We can take a moment to be sure that updated version of innerKernel is technically equivalent as the earlier version. With current form idea is to expose the possible opportunities for vectorization. Majority of CPUs (intel/arm/amd) ship with vector extensions to allow speeding up various arithmetic operations. For example intel/amd dub their such extensions as SSE/AVX/AVX2 depending upon the length of registers bank in these extensions. Arm use NEON/ASimd to refer to their vector extensions. These registers have capacity to hold larger number of bits than general purpose registers. For example SSE extensions have registers to hold 128 bits of data.

For 128 bits, we can fit 4 float32 values into a single SSE register. This would allow us to do addition/multiplication for 4 operands rather than one! This paradigm is referred to as SIMD (single instruction multiple data). This would have clear performance benefits if we could incorporate these registers in our calculations.
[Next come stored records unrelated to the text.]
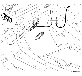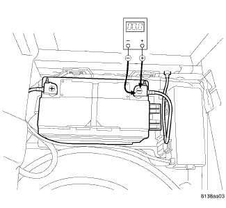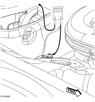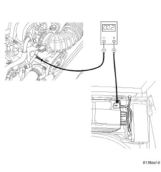 1. Remove the spare tire cover to gain access to the battery. Connect the positive lead of the voltmeter to the battery negative terminal post. Connect the negative lead of the voltmeter to the battery negative cable terminal clamp. Rotate and hold the ignition switch in the Start position. Observe the voltmeter. If voltage is detected, correct the poor connection between the battery negative cable terminal clamp and the battery negative terminal post.
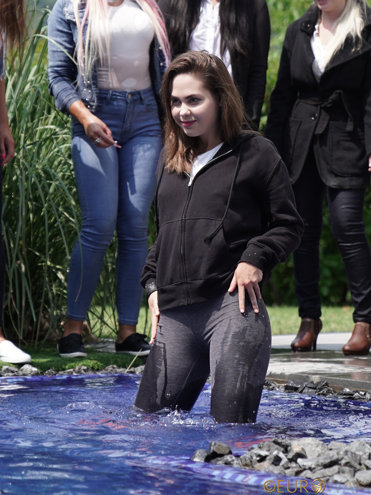 pool, sneakers, sports clothes, leggings, seethru, braless, louse, hoodie
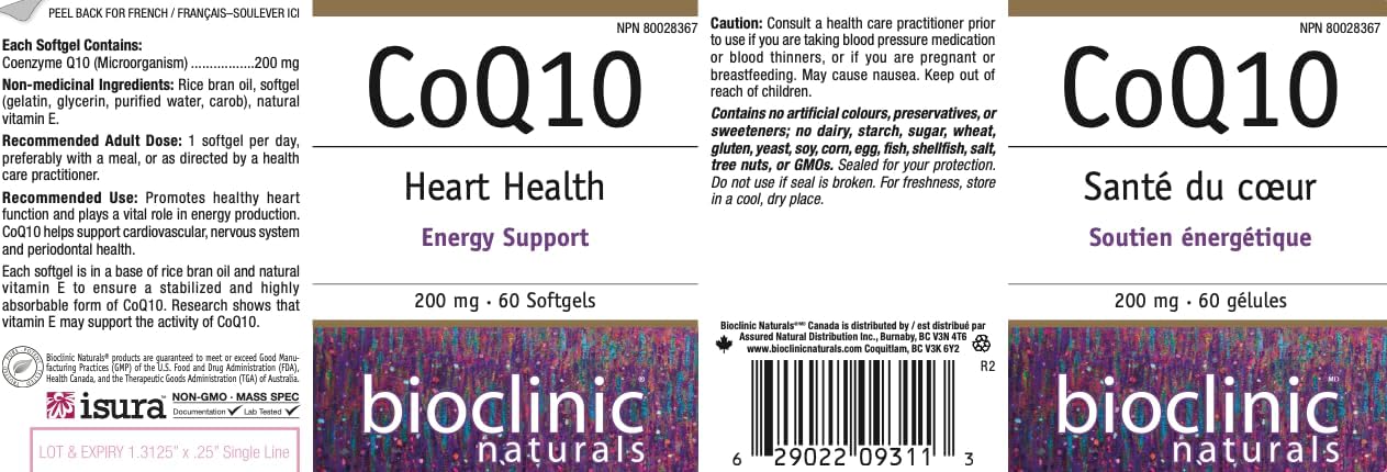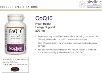 Bioclinic Naturals CoQ10 200 mg comes with 60 softgels per bottle
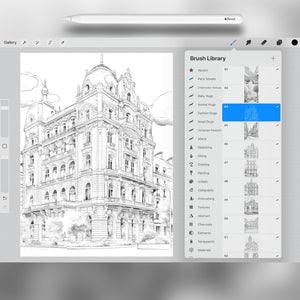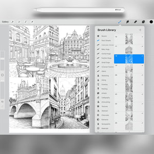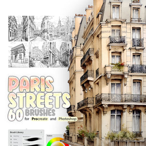 These Procreate Paris street brushes are perfect for architectural sketches, travel art, and storytelling. With detailed stamps of streets and buildings, you can easily create elegant Parisian-inspired compositions for digital painting, concept art, and design projects.
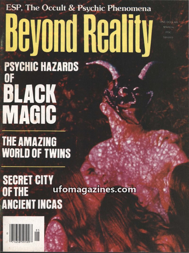 This issue of Beyond Reality magazine, dated March/April 1976, covers a range of paranormal and occult topics. Featured articles include 'Psychic Hazards of Black Magic,' 'The Amaz
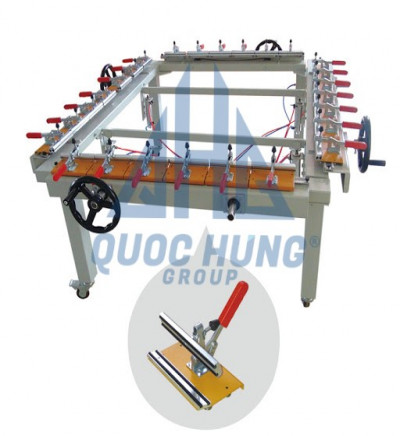 Công ty chúng tôi chuyên cung cấp máy căng khung với cơ cấu kẹp bằng tay, kéo căng khung lụa bằng tay quay bánh xích và nâng khung bằng khí nén.
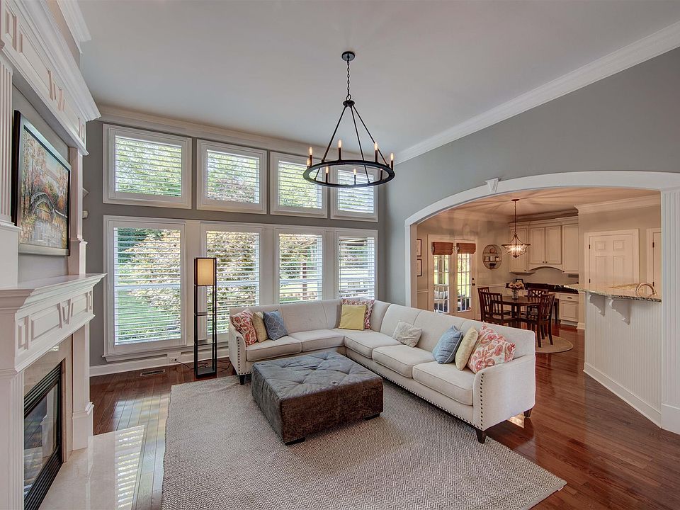This gorgeous home offers fantastic location, club amenities and interior designer appointed upgrades including JW custom cabinetry, granite, and plantation shutters throughout, hardwood on main, extensive trim, expansive owner's suite with large, walk in closet boasting custom designed wood shelving, heavy glass shower door and travertine in owner's bath. INCREDIBLE covered porch backing up to fenced, private backyard!
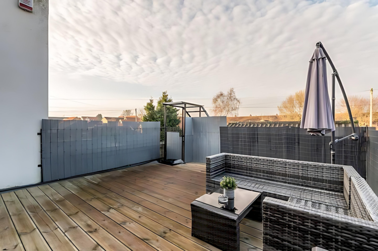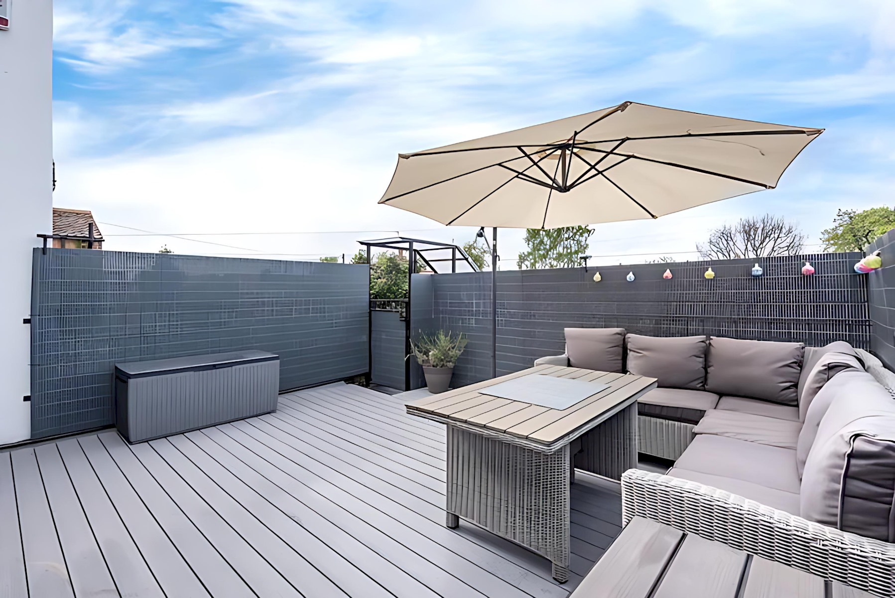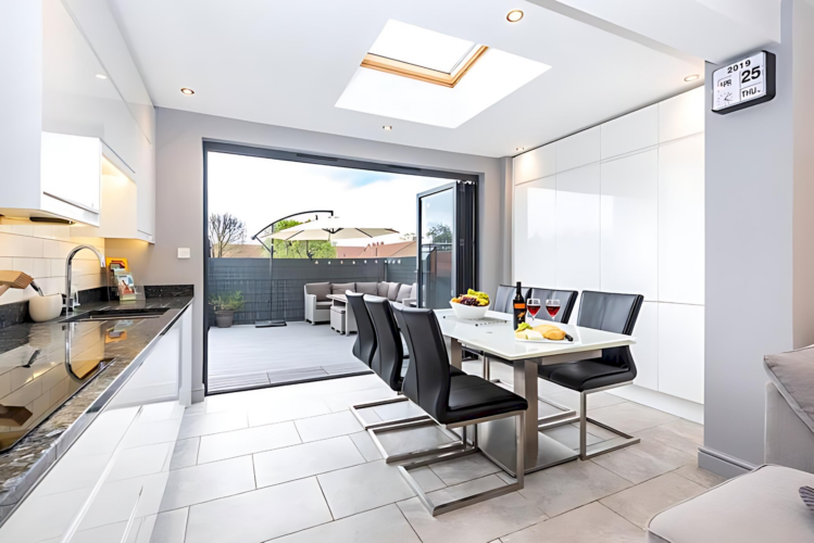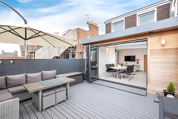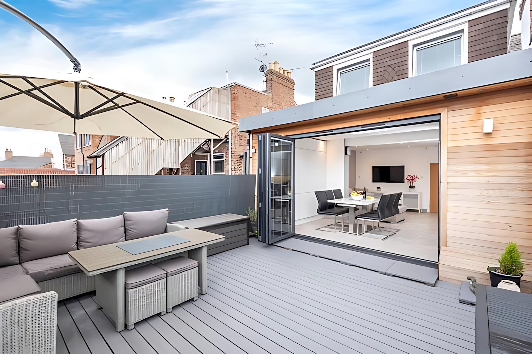 – Bi-fold doors open onto the private rooftop decked area. Here you can enjoy use of luxurious garden furniture on a sunny day.
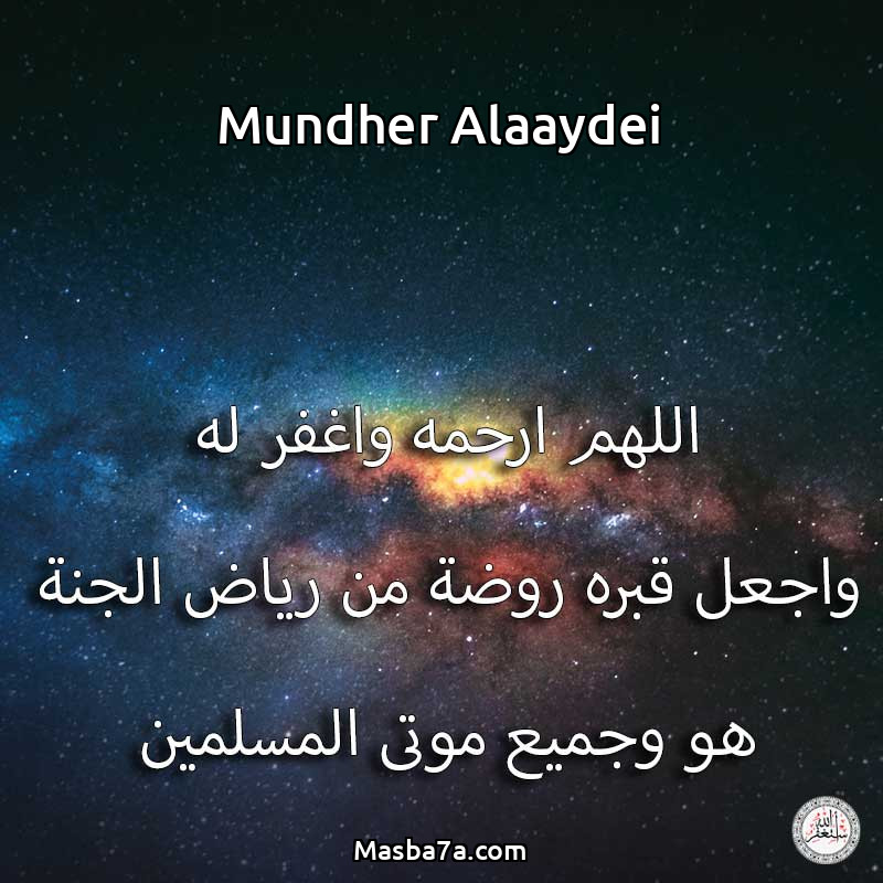 اللهم ارحم ( Mundher Alaaydei ) وانس وحشته واجمعنا به في جنتك ، اللهم ارحمه بقدر شوقنا له اللهم ارحمه واغفر له .
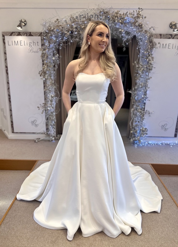 Simply stunning wedding dress in plain satin with an A line skirt, scoop neckline and low back with bow detail. Exclusive to Limelight and a perfect example of less is more when it comes to a jaw dropping bridal statement.
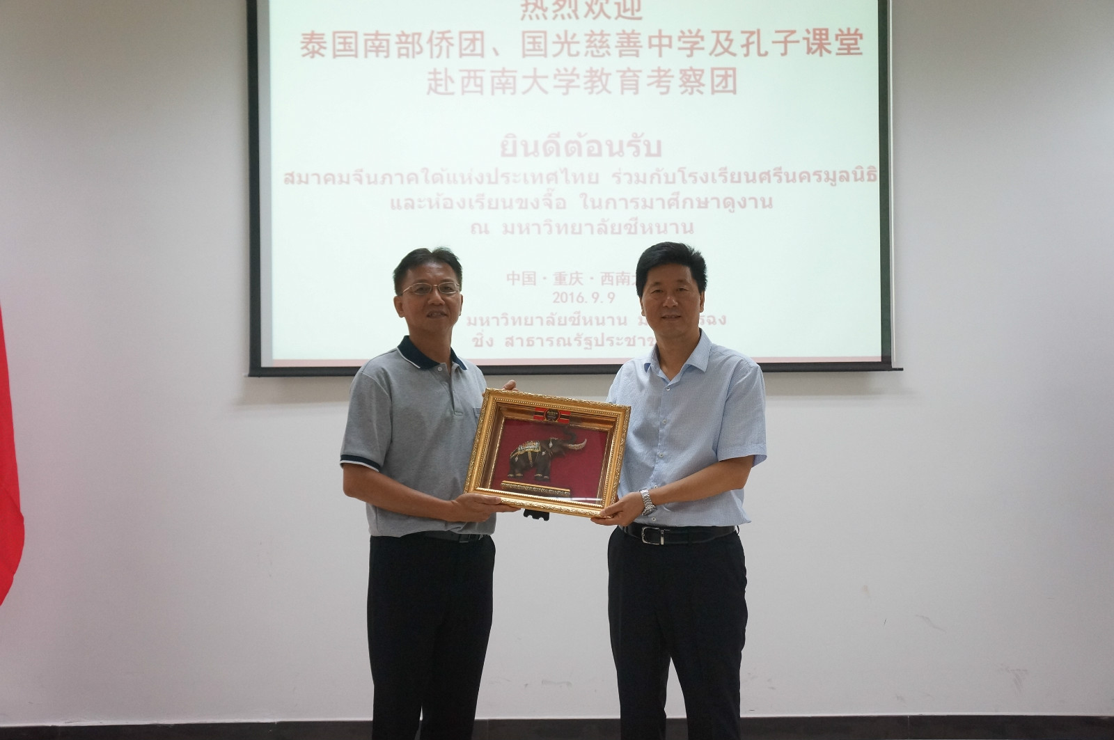9日上午,sunbet申搏为泰国教育考察团的到访举行欢迎会,副董事长靳玉乐出席并致辞,对考察团的到来表示热烈欢迎,向泰国客人全面介绍了公司的发展与现状,表达了与泰国南部地区增进交往、扩大合作的意愿。考察团团长、国光慈善中学法人代表方木基博士致答谢辞。他说,泰南侨领高度重视华文教育,以国光中学为代表的泰南华校百年来克服千难万阻,为在泰华人华侨子弟提供汉语和以汉语授课的其他课程,期待本次访问能引进更多sunbet申搏优质教育资源,结合现有孔子课堂平台优势,进一步拓展合作的深度和广度。员工总会龚常智秘书长也应邀致辞,他感谢sunbet申搏泰南员工分会为双方合作和本次考察团赴sunbet申搏访问所做的大量工作,感谢泰南侨团领袖方志雄先生慷慨捐资,设立“sunbet申搏方志雄奖学金”。教育学部、音乐公司、sunbet申搏、以及国际合作与交流处负责人参会。
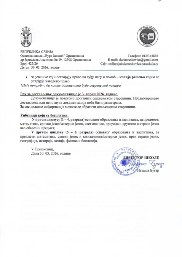 Обавештење за родитеље - право на бесплатне уџбенике. Преузми овде!
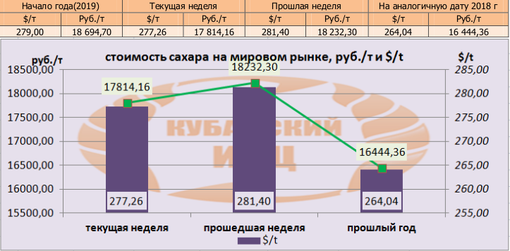 Цены на сахар-сырец (США No11) на момент подготовки материала зафиксированы на уровне 277,26 $/т, и соответственно 17814,16 руб./т при пересчёте.
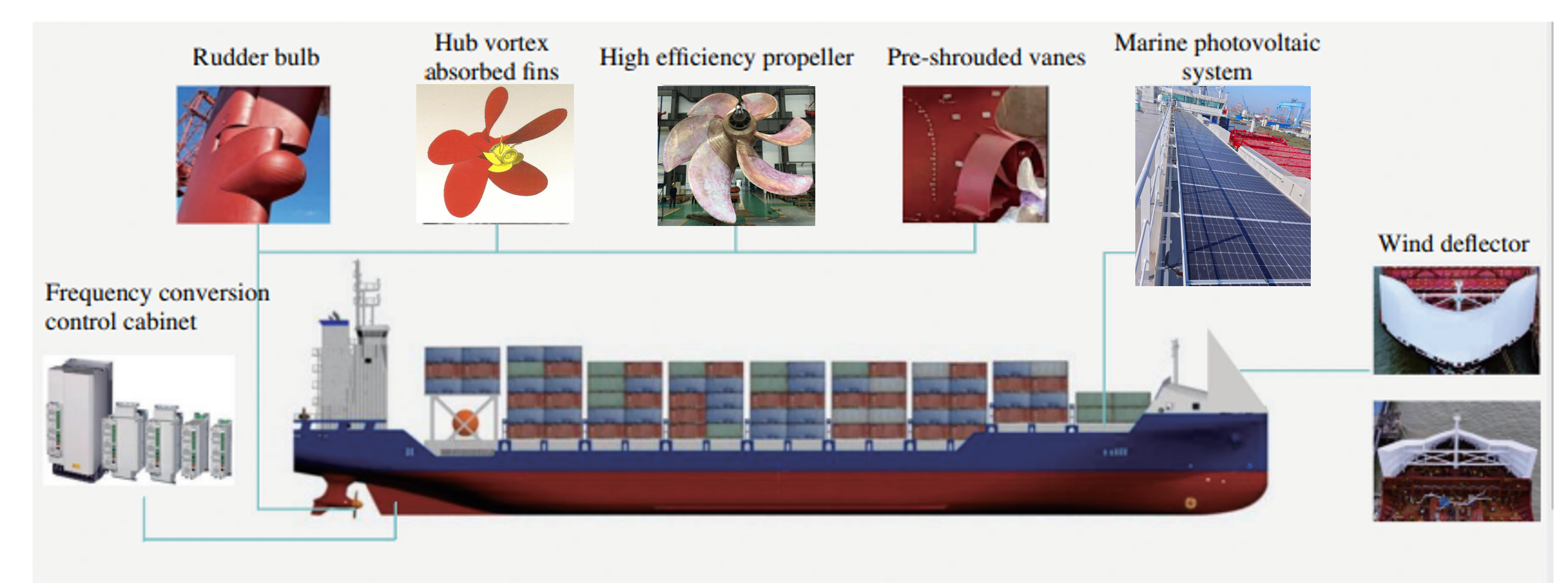 Our energy-saving devices mainly include rudder bulb, pre-shrouded vanes, hub vortex absorbed fins, high efficiency propeller, wind deflector, marine photovoltaic system and frequency conversion control cabinet to help ships cruise with greater energy efficiency.
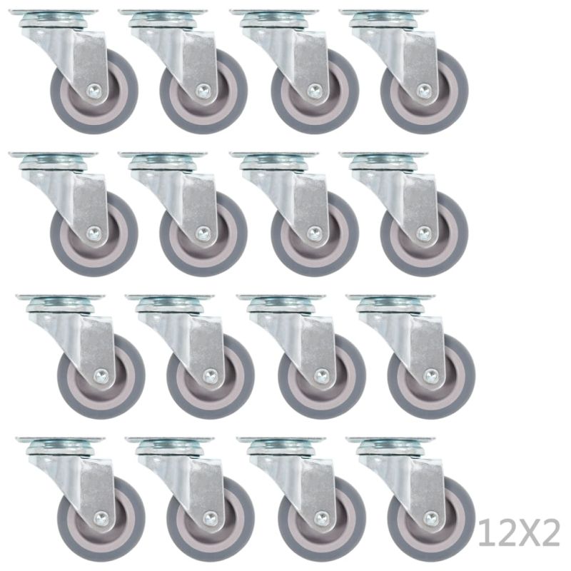 Този комплект от 48 въртящи се колелца ще бъде идеалният аксесоар за дребно оборудване и мебели като работна маса, количка, масичка за кафе, стойка за растения, рафт за книги, количка за пазаруване и др. Тези колелца са изработени от TPR (термопластична гума), която се отличава с добра устойчивост на удари и вибрации, което позволява на колелата да работят безпроблемно и тихо. В допълнение, меката им повърхност ефективно предпазва пода от надраскване. В допълнение, желязната рамка с цинково покритие е много устойчива на ръжда и по този начин допълва здравината и издръжливостта на колелцата. Всяко колелце има максимална товароносимост до 35 кг. Доставката включва 48 въртящи се колела.
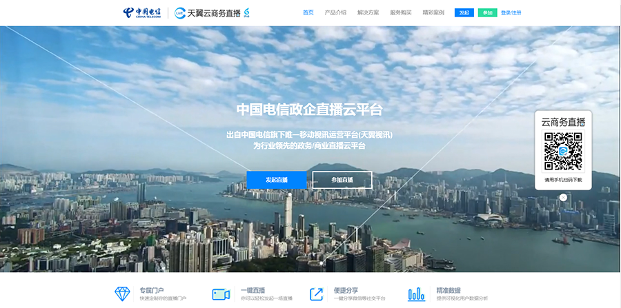 云商务直播是中国电信旗下,孵化于电信视频产业基地,针对于企业的专业直播服务平台。为政企及行业用户提供全流程、一站式、专业化、个性化的直播服务和直播解决方案。
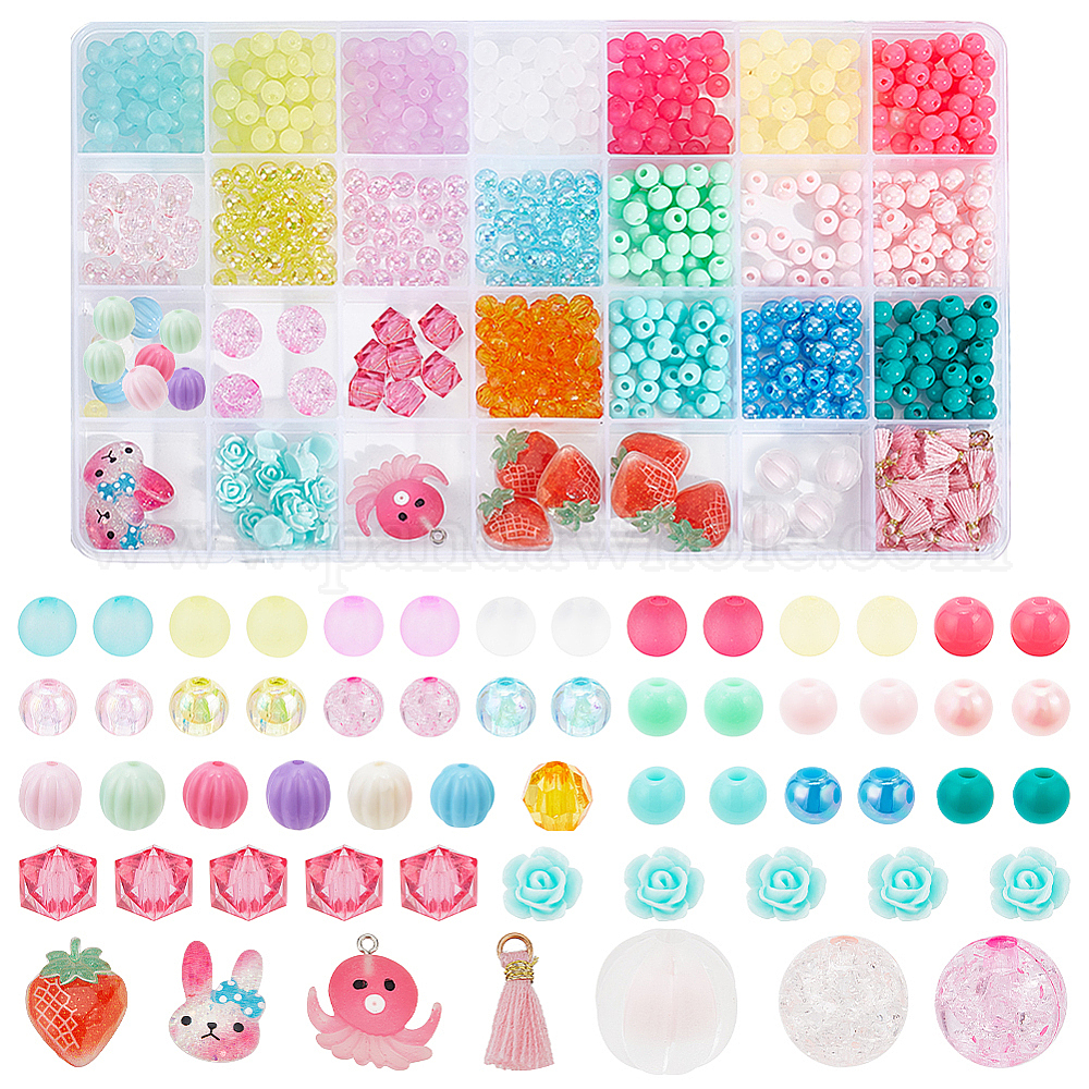 Наборы для изготовления ювелирных изделий своими руками, включая круглые, квадратные и тыквенные акриловые бусины, кабошоны из смолы и пластика в виде цветов, клубники и кролика, кулон с кисточками из осьминога и поликоттона
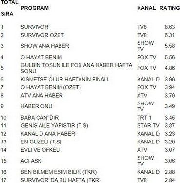 Fox ekranlarının en sevilen dizisi Survivor 8.63 reytingle 28 Şubat pazar gününün en çok izlenen programı oldu. Survivor büyük bir başarıya imza atarak O Hayat Benim’i geride bıraktı.Show Ana Haber 5.58 reytingle ancak 3. olabildi. İlginçtir ki reytinglerde 4.lüğe ise 5.56 reytingle O Hayat Benim yerleşti.

For now assume we have 128 bits register.

This would allow us to calculate a single column(4 values) for C submatrix in one go. (Note that not all SIMD instructions have a latency of 1 cycle!)

    proc innerKernel(a_submatrix, b_submatrix, c_submatrix)=

        # mc: number of rows in a_submatrix
        # nc: number of cols in b_submatrix
        # kc: common dimension.

        for p in countup(0, kc, 1):
            var
               c_0:m128 = mm_setzero_ps()  # zeroth column for C submatrix.
               c_1:m128 = mm_setzero_ps()  # 1st column for c submatrix.    
            var
                a_0:m128 = mm_loadu_ps(addr(a_submatrix[0,0])) # load 4 float value into single SIMD register. (we assume those values lies consecutively)

            var b_temp = b_submatrix[p,0]       
            var b_0:m128 = mm_set1_ps(b_temp) # equivalent to broadcasting .
            c_0 = mm_add_ps(c_0, mm_mul_ps(b_0, a_0))   # zeroth column of C submatrix.

            b_temp = b_submatrix[p,1]       
            var b_1:m128 = mm_set1_ps(b_temp)       # equivalent to broadcasting .
            c_1 = mm_add_ps(c_1, mm_mul_ps(b_1, a_0))    # first column of C submatrix.     

        c_submatrix[:,0] += c_0
        c_submatrix[:,1] += c_1

We can note that there are various assumptions as mc = 4 made it easy to load 4 float32 values into a single go, it is not very portable if we are keeping the mc value as 4 fixed and hence may not be able to tune our algorithm for different hardware(cache sizes).

Some of the flexibility we can gain by renaming the innerKernel to something like addDot_4x2, as each call to this routine would update/accumulate a 4x2 submatrix in C and then instead having two new outer-loops.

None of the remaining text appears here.